FERC has granted Venice Gathering System LLC temporary waivers of agency standards of conduct dealing with the posting and recording of information on its website to spur the restoration of its hurricane-damaged system along the Louisiana coast.

The Federal Energy Regulatory Commission’s approval of the waivers allows Venice Gathering and affiliate Targa Resource Inc. employees to share information about the status of restoration efforts, coordinate joint operations and repair work, and to share employees to get the Venice Gathering system back to its pre-hurricane condition — without having to post every deviation of FERC’s standards of conduct on its website.

“Because it is necessary for all of these communications and activities to occur on a continuing basis, the requirement to log each individual deviation would be an extremely burdensome task that would further complicate these extensive restoration efforts,” Venice Gathering said in its Nov. 9 petition for emergency waivers [RM01-10, EY06-7, TS06-2].

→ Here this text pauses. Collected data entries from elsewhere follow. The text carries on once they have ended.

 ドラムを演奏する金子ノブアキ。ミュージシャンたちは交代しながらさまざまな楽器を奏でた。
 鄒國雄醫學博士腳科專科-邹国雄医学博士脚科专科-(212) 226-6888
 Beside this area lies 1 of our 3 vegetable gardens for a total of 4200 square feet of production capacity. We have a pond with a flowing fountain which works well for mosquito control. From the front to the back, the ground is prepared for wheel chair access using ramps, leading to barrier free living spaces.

“Venice Gathering points out that any potential risk of discrimination that may be associated with the waivers is mitigated by the fact that it currently is out of service, and the waivers will terminate when its system is restored to full operation,” FERC said in its notice granting the waivers of its posting and record-keeping requirements, which was issued on Nov. 28.

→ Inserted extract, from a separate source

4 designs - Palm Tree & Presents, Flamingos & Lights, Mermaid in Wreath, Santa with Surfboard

In addition, FERC approved a waiver of its requirement that Venice Gathering update information on its website to reflect certain organizational changes following the completion of Targa Resources’s acquisition of Venice Gathering’s managing partner, Dynegy Midstream Services Ltd., in October 2005 (see Daily GPI, Nov. 1). Houston-based Targa was formed in 2003 by management and Warburg Pincus, a global private equity firm.

“Due to the substantial allocation of resources to the [Venice Gathering] and Venice [Processing] Plant restoration, as well as Targa’s other ongoing restoration work to its facilities damaged by Hurricanes Katrina and Rita along the Louisiana Gulf Coast, Targa has only limited resources available to gather the information necessary to update its website information for acquisition-related changes,” Venice Gathering said in its waiver request.

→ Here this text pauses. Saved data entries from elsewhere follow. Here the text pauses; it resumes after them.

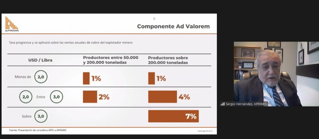 La propuesta de Royalty contempla dos componentes, uno ad valorem (sobre ventas) entre 1% y un 2% para productores entre 50.000 mt y 200.000 mt; mientras que se aplicará entre un 1% y un 7% para aquellos con más de 200.000 mt. “Esta tasa varía respecto al precio del cobre y no respecto a las utilidadesâ€, mencionó Hernández. Después hay un segundo componente sobre la renta minera que varía entre 2% y 32% en la rentabilidad operacional con precios entre US$ 2 y US$ 5 por libra.
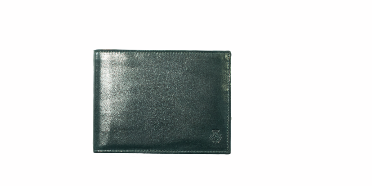 As part of the Cardinale Exclusive Royal collection, this wallet offers 8 card slots, 2 full-length note compartments, 4 extra pockets. Material: full grain calfskin. Colour: green. Dimensions: 12,5x 9,5. Made in Italy. It is made of the same leather used for our shoes. A great classic men's wallet.
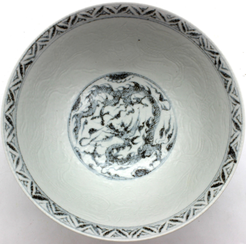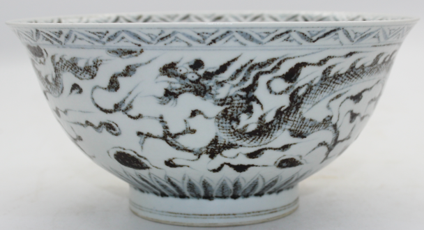 釉里红龙纹暗刻龙纹碗

Venice Gathering “expects that by Dec. 31 of this year, it will have completed all of the updates to its public website that are necessary due to the recent Targa acquisition. In addition, [it] expects that it will be in a better position by that time to estimate the extent and timing of the work necessary on its own facilities and on interconnecting facilities to restore the [gathering] system to full operation,” the company told FERC.

The Commission approved the waivers until the earlier of the end of the gas day on Dec. 31 of this year, or the date on which the Venice Gathering system has returned to full pre-hurricane operation.

Venice Gathering gathers gas from offshore Louisiana fields and delivers the production to the Venice processing facility, which it operates. The Venice processing plant still has no ability to process or dehydrate gas three months after Hurricane Katrina struck. The Venice Gathering system suffered “significant damage” in the same storm, the company said.

All of the capacity upstream of the Venice system (219 MMcf/d) remained shut in as of Thursday, according to a daily report from Denver-based consulting firm Bentek Energy.